- Aim of the task -
Only the lines below starting at the one that contains "1-2排的豪头可以独享三排窗" and ending at the one that contains "Tiffany & Co" are to be reproduced, exactly and with both ends kept.

*** Input for this task

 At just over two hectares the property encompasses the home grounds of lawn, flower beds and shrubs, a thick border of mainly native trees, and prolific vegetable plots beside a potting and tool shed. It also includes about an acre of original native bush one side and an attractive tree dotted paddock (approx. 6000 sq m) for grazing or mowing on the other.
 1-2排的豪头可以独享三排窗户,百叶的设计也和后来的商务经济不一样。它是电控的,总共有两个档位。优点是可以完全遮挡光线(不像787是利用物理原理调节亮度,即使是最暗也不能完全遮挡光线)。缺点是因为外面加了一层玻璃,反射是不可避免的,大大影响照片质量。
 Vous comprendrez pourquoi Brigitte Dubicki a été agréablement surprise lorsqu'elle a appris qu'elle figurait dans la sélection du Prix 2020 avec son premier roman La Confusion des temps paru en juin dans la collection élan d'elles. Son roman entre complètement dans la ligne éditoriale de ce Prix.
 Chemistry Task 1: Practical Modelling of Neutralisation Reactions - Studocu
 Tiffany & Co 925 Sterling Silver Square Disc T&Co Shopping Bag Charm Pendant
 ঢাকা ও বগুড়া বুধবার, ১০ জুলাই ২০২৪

******
*** Input for this task

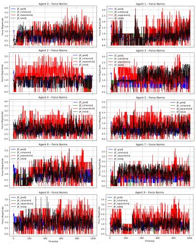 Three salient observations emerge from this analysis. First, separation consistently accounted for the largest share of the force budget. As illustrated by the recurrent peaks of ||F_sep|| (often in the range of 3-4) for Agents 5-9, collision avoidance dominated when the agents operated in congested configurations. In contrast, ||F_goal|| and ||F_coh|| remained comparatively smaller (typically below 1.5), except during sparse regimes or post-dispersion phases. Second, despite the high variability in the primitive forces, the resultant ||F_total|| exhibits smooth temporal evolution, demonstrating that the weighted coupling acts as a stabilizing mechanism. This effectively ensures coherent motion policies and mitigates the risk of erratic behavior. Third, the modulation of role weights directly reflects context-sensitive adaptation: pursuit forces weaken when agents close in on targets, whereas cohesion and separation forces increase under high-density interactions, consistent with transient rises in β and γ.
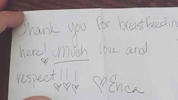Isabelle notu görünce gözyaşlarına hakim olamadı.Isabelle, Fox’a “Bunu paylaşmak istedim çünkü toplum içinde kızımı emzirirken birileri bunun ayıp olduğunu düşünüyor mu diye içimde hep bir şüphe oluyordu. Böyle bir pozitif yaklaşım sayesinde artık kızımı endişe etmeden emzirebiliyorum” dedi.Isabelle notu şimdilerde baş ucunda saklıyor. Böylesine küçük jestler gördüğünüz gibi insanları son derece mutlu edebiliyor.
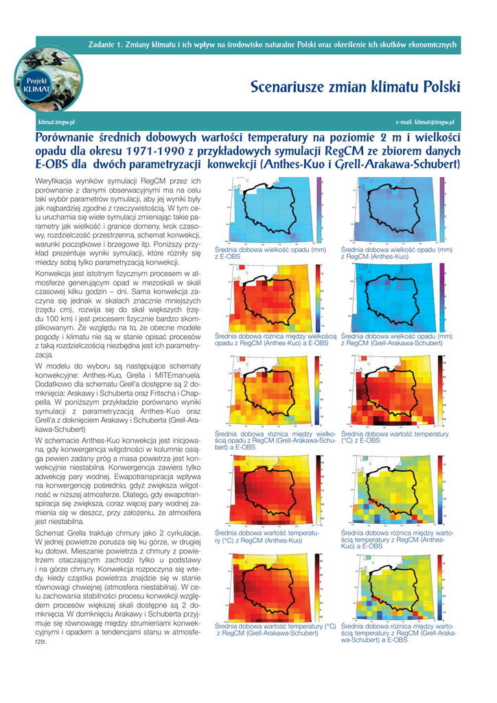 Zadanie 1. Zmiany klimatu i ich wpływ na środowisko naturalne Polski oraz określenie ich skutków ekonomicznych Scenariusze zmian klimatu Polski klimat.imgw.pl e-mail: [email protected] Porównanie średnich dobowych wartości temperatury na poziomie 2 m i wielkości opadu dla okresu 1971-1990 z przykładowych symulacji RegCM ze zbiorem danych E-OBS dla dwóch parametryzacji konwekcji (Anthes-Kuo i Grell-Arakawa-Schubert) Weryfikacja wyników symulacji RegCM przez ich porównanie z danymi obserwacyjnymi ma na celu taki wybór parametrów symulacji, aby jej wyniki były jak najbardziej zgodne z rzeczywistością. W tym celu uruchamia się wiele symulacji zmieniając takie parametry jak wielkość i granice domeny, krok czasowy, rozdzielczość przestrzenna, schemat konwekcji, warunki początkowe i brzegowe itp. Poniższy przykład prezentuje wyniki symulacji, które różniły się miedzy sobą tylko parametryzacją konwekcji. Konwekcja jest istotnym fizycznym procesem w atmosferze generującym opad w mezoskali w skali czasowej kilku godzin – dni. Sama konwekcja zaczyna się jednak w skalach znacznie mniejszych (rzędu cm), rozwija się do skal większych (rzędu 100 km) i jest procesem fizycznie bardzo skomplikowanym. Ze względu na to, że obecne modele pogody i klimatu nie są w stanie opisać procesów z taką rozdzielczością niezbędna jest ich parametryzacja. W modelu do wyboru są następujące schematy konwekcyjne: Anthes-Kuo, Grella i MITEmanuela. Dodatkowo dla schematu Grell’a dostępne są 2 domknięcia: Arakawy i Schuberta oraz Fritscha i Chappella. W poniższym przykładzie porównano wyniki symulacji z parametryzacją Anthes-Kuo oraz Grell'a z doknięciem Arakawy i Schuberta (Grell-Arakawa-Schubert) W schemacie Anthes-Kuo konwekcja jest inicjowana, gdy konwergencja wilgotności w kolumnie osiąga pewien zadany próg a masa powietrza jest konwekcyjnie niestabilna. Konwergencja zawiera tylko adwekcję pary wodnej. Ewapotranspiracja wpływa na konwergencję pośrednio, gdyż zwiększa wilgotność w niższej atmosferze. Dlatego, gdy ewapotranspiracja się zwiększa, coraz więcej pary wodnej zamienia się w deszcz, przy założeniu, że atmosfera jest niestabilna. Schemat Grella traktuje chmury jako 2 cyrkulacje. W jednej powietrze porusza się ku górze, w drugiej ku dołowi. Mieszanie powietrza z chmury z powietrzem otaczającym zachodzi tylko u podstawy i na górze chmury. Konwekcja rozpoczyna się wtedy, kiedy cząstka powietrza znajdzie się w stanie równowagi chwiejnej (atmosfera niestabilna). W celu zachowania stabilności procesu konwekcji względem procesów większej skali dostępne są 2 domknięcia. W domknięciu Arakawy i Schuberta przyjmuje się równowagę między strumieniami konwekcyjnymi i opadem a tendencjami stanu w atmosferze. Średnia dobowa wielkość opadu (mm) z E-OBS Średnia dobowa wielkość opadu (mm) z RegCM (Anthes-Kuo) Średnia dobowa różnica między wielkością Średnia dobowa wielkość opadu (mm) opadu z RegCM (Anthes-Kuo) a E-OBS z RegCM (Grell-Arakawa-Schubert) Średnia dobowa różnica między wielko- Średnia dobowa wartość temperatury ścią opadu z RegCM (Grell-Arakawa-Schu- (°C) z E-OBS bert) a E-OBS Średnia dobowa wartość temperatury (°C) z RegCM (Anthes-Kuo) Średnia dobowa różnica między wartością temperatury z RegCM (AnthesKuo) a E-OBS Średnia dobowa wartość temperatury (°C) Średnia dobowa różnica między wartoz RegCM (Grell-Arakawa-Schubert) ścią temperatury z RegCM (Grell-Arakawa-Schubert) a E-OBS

******

- Answer space -
 1-2排的豪头可以独享三排窗户,百叶的设计也和后来的商务经济不一样。它是电控的,总共有两个档位。优点是可以完全遮挡光线(不像787是利用物理原理调节亮度,即使是最暗也不能完全遮挡光线)。缺点是因为外面加了一层玻璃,反射是不可避免的,大大影响照片质量。
 Vous comprendrez pourquoi Brigitte Dubicki a été agréablement surprise lorsqu'elle a appris qu'elle figurait dans la sélection du Prix 2020 avec son premier roman La Confusion des temps paru en juin dans la collection élan d'elles. Son roman entre complètement dans la ligne éditoriale de ce Prix.
 Chemistry Task 1: Practical Modelling of Neutralisation Reactions - Studocu
 Tiffany & Co 925 Sterling Silver Square Disc T&Co Shopping Bag Charm Pendant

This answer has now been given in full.